### MATERIAL SHOWN
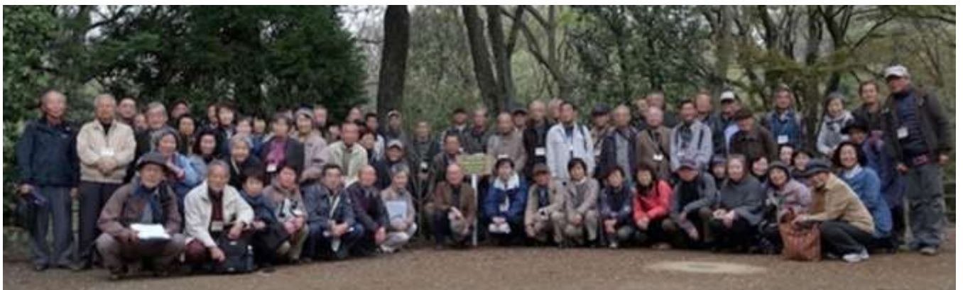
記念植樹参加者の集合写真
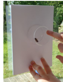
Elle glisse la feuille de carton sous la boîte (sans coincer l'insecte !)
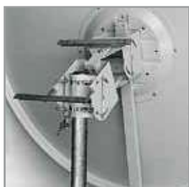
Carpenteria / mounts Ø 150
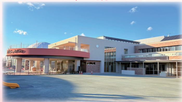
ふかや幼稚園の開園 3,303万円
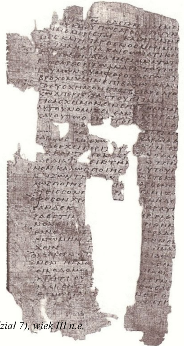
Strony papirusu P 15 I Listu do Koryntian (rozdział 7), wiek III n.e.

* * *

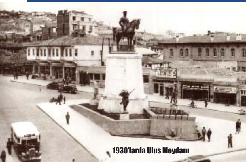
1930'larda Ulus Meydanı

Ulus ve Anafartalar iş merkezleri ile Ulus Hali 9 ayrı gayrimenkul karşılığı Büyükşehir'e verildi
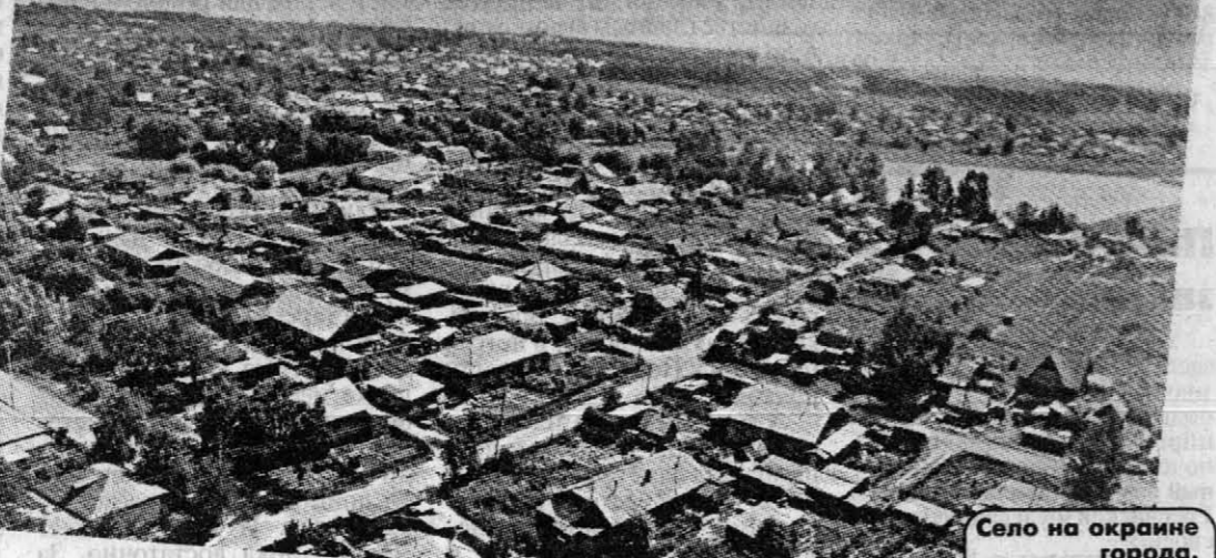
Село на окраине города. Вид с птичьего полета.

### TASK REQUIREMENTS
Copy nothing but the lines above that run from the one with "ふかや幼稚園の開園 3,303万円" to the one with "Strony papirusu P", ends included; pictures stay out.

### YOUR RESPONSE
ふかや幼稚園の開園 3,303万円
Strony papirusu P 15 I Listu do Koryntian (rozdział 7), wiek III n.e.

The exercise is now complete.